From: Lee Revell <rlrevell@joe-job.com>
To: linux-kernel <linux-kernel@vger.kernel.org>
Cc: Ingo Molnar <mingo@elte.hu>, Hugh Dickins <hugh@veritas.com>,
Linus Torvalds <torvalds@osdl.org>
Subject: 2.6.15-rc5: latency regression vs 2.6.14 in exit_mmap->free_pgtables
Date: Tue, 27 Dec 2005 18:31:40 -0500 [thread overview]
Message-ID: <1135726300.22744.25.camel@mindpipe> (raw)
I am seeing excessive latencies (2ms+) in free_pgtables, called from
exit_mmap with 2.6.15-rc5. This is a significant regression from 2.6.14
where the maximum observed latency was less than 1ms with some tuning.
Here is the trace.
(Although the trace was captured with the -rt kernel I am only using it
for the instrumentation features - all preemption settings are the same
as mainline with PREEMPT)
preemption latency trace v1.1.5 on 2.6.15-rc5-rt4
--------------------------------------------------------------------
latency: 2267 us, #2632/2632, CPU#0 | (M:preempt VP:0, KP:0, SP:0 HP:0)
-----------------
| task: softirq-timer/0-3 (uid:0 nice:0 policy:1 rt_prio:1)
-----------------
_------=> CPU#
/ _-----=> irqs-off
| / _----=> need-resched
|| / _---=> hardirq/softirq
||| / _--=> preempt-depth
|||| /
||||| delay
cmd pid ||||| time | caller
\ / ||||| \ | /
evolutio-4728 0D.h2 0us : __trace_start_sched_wakeup (try_to_wake_up)

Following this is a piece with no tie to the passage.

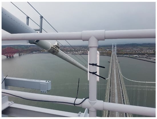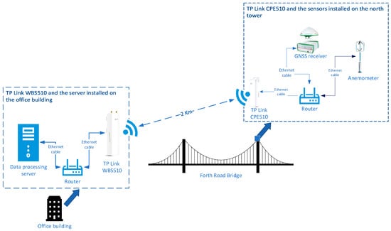 When the optical fiber connection failed to transmit data due to the installation challenge and long transmission range limitation for a remote monitoring node in the GeoSHM project, a wireless communication method was tried. It turned out to be a very reliable and cost-effective solution. Therefore, the communication network used in the GeoSHM project is a combination of an optical fiber for most sensory sites and paired long-range Wi-Fi devices for a remote northeast (NE) supporting tower site. The NE monitoring node is the furthest point in the whole GeoSHM system and consists of a GNSS receiver, an anemometer, and a triaxial accelerometer. Figure 4 is the wireless communication set up of SHM5, which sits atop the NE tower of the Forth Road Bridge.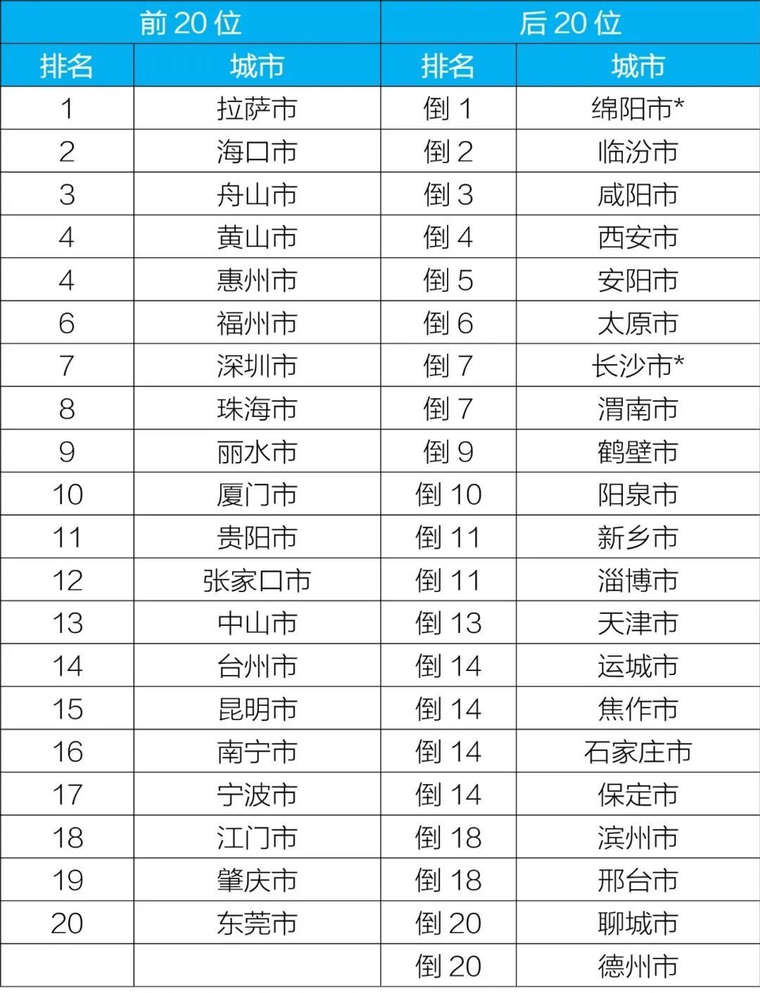 1—10月,168個重點城市中,空氣質(zhì)量排名前20位城市依次是拉薩、??诤椭凵降瘸鞘校◤牡?名至第20名);空氣質(zhì)量排名后20位城市依次是綿陽、臨汾和咸陽等城市(從倒數(shù)第1名至并列倒數(shù)第20名)。其中,綿陽市科技城新區(qū)的高新區(qū)自來水公司站點4月和5月、長沙市開福區(qū)的伍家?guī)X站點6月受到嚴(yán)重人為干擾,對所在城市當(dāng)月六項污染物濃度進行了最大值替代處理。見附表2。

evolutio-4728 0D.h2 1us : __trace_start_sched_wakeup <<...>-3> (62 0)
evolutio-4728 0D.h. 2us : wake_up_process (wakeup_softirqd)

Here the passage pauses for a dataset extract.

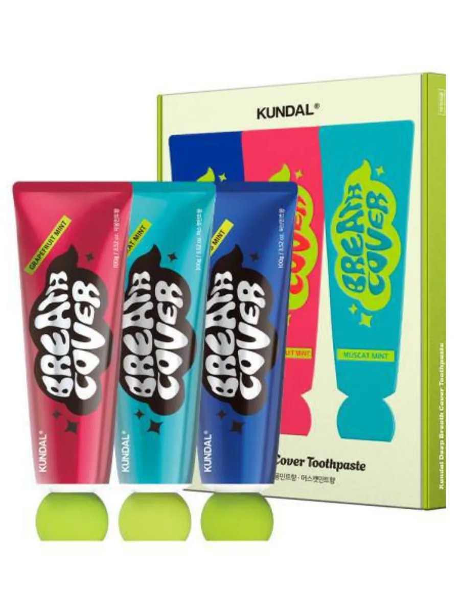 The Breath Cover toothpaste set from KUNDAL includes three unique toothpastes with different flavor profiles: Herb Mint, Grapefruit Mint, and Muscat Mint.

evolutio-4728 0D.h. 3us : scheduler_tick (update_process_times)
evolutio-4728 0D.h. 3us : sched_clock (scheduler_tick)
evolutio-4728 0D.h1 5us : task_timeslice (scheduler_tick)

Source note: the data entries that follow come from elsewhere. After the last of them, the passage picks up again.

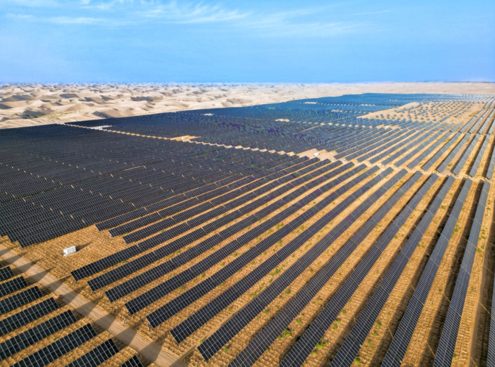 ▲農(nóng)發(fā)行貸款4.6億元,支持甘肅涼州區(qū)九墩灘100兆瓦光伏發(fā)電項目,建成后年均可節(jié)約標準煤5.8萬噸,減少二氧化碳排放當量17.3萬噸。項目在光伏板外圍栽種阻沙林帶、內(nèi)部栽植低矮灌木,有效防風固沙。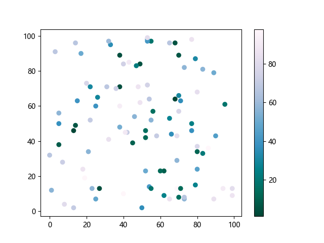 # 这三行代码使编译器能够绘图: import sys import matplotlib matplotlib.use('Agg') import matplotlib.pyplot as plt import numpy as np # 生成随机数据: x = np.random.randint(100, size=(100)) y = np.random.randint(100, size=(100)) colors = np.random.randint(100, size=(100)) # 使用 PuBuGn_r 配色方案绘制紫蓝绿反向渐变色散点图: plt.scatter(x, y, c=colors, cmap='PuBuGn_r') plt.colorbar() # 显示颜色条 plt.show() # 显示图形 # 这两行代码使编译器能够输出图形: plt.savefig(sys.stdout.buffer) sys.stdout.flush()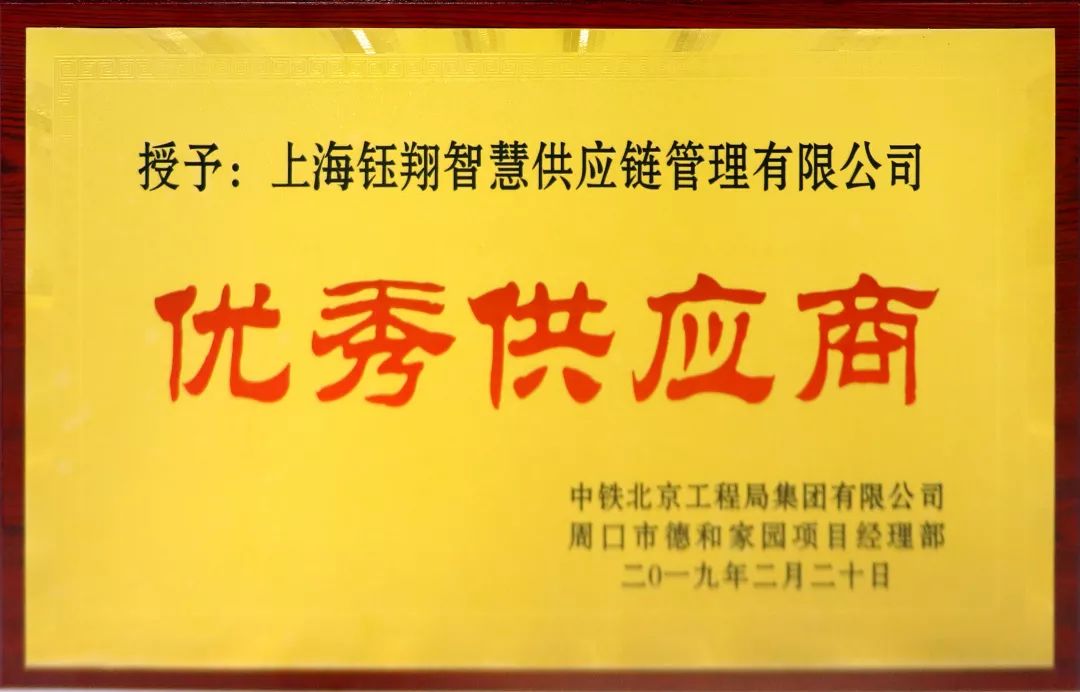 上海鈺翔智慧供應(yīng)鏈管理有限公司被中鐵北京局周口德和家園項(xiàng)目部評(píng)為優(yōu)秀供應(yīng)商

evolutio-4728 0D.h. 6us : run_posix_cpu_timers (update_process_times)
evolutio-4728 0D.h1 7us : note_interrupt (__do_IRQ)
evolutio-4728 0D.h1 7us : end_8259A_irq (__do_IRQ)
evolutio-4728 0D.h1 8us : enable_8259A_irq (end_8259A_irq)
evolutio-4728 0Dnh1 10us : irq_exit (do_IRQ)
evolutio-4728 0Dn.1 11us < (608)
evolutio-4728 0.n.1 11us : unlink_file_vma (free_pgtables)
evolutio-4728 0.n.2 12us : __remove_shared_vm_struct (unlink_file_vma)
evolutio-4728 0.n.2 13us : vma_prio_tree_remove (__remove_shared_vm_struct)
evolutio-4728 0.n.2 13us : prio_tree_remove (vma_prio_tree_remove)
evolutio-4728 0.n.1 14us : preempt_schedule (unlink_file_vma)
evolutio-4728 0.n.1 15us : anon_vma_unlink (free_pgtables)
evolutio-4728 0.n.1 16us : unlink_file_vma (free_pgtables)
evolutio-4728 0.n.2 17us : __remove_shared_vm_struct (unlink_file_vma)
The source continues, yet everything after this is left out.